Background: Fingerprint biometric systems are used to identify personnel, grant authorised access and maintain attendance of staff at most places. Despite their many benefits, biometric devices are potential sources of transmission due to contamination from multiple touches by various users. Due to the COVID-19 pandemic, there have been massive shift in infection control practices specially hand hygiene. This study was conducted to understand the attitude and practices of healthcare workers (HCWs) they are likely to follow when biometric devices come to use again. Materials and Methods: The study was conducted using a self-designed questionnaire given to HCWs in different departments of the hospital in the form of a written form by our infection control nurses. The study was conducted for 5 days. The questionnaire was based on various attitudes and practices before and after the COVID-19 outbreak. Results: Overall 304 participants filled the questionnaire, which comprised 85 (28%) doctors, 117 (38.4%) nurses and 102 (33.6%) other staff. Before the emergence of COVID-19, 114 (37.5%) participants felt touching biometric devices is more dangerous than touching other common items such as doorknobs, elevator buttons, countertops and staircase railings which now increased to 183 (60.2%) after the COVID-19. Earlier 77% of participants felt that hand sanitisers should be installed near biometric devices, but now 95.7% feel the need of hand sanitisers near the biometric devices and want to use them. Conclusion: This improvement in hand hygiene might be a result of increased awareness through educational programmes and mass media during the COVID-19 pandemic. Hand sanitisers should be installed near biometric devices before restarting their use which will reduce the risk of contamination of biometric devices by pathogenic organisms.

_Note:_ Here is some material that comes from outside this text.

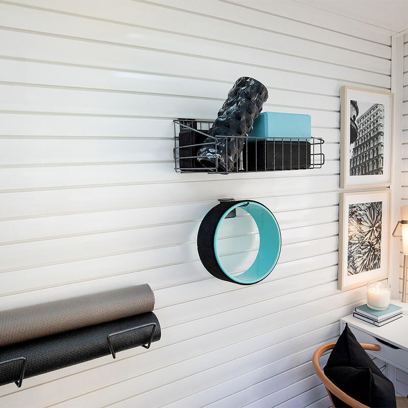 Backyard Shed Oasis: In this backyard transformation, Seb created a versatile Shipping Container Studio. This studio served dual purposes: a quiet retreat for yoga practice and a functional space for running a photography business. The studio was finished with Trusscore SlatWall, which provided a bright, easy-to-clean surface and design versatility to meet both needs. The clean and bright appearance of the Trusscore panels helped create a serene and organized environment, perfect for relaxation and creativity.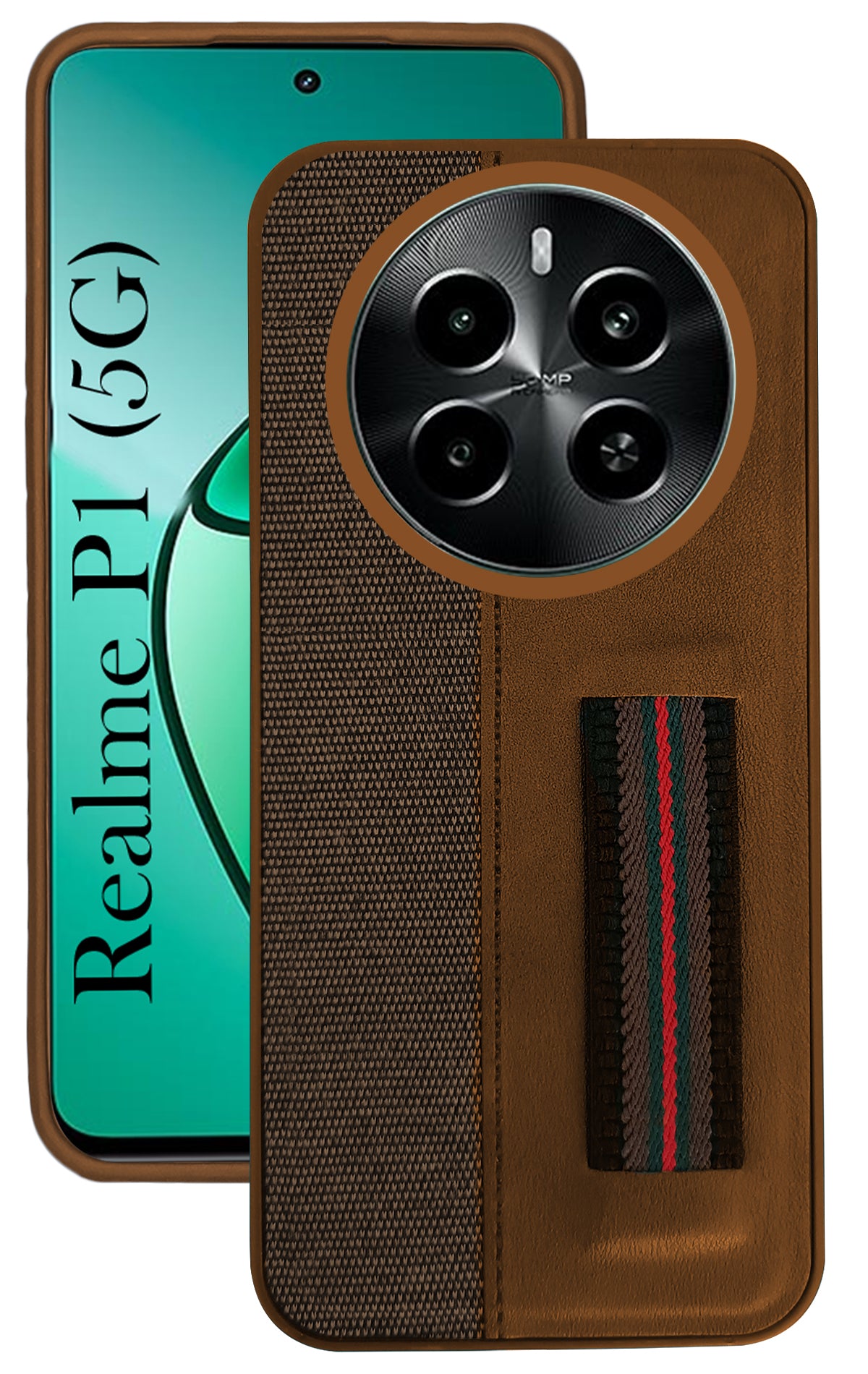 For Realme P1 5G Back Cover Case (Professional PU Leather | Strip Chain Holder Socket)

鉴于COVID-19,三级保健医院对生物识别设备使用的看法发生了变化
背景:在大多数地方,指纹生物识别系统用于识别人员,授予授权进入和维持员工出勤。尽管生物识别设备有很多好处,但由于不同用户的多次接触造成的污染,它们是潜在的传播源。由于COVID-19大流行,感染控制措施发生了巨大变化,特别是手部卫生。本研究旨在了解医护人员(HCWs)在再次使用生物识别设备时可能采取的态度和做法。材料与方法:采用自行设计的调查问卷,由我院感染控制护士以书面形式对医院各科室的卫生保健工作者进行问卷调查。研究为期5天。该问卷基于疫情前后的各种态度和做法。结果:共304人填写问卷,其中医生85人(28%),护士117人(38.4%),其他工作人员102人(33.6%)。在新冠肺炎出现之前,114名(37.5%)参与者认为触摸生物识别设备比触摸门把手、电梯按钮、台面和楼梯栏杆等其他常见物品更危险,而在新冠肺炎出现后,这一数字增加到183名(60.2%)。之前77%的参与者认为生物识别设备附近应该安装洗手液,但现在95.7%的参与者认为生物识别设备附近需要洗手液并希望使用它们。结论:手卫生的改善可能是在COVID-19大流行期间通过教育计划和大众媒体提高意识的结果。在重新使用生物识别设备之前,应在其附近安装洗手液,这将减少生物识别设备被病原微生物污染的风险。
本文章由计算机程序翻译,如有差异,请以英文原文为准。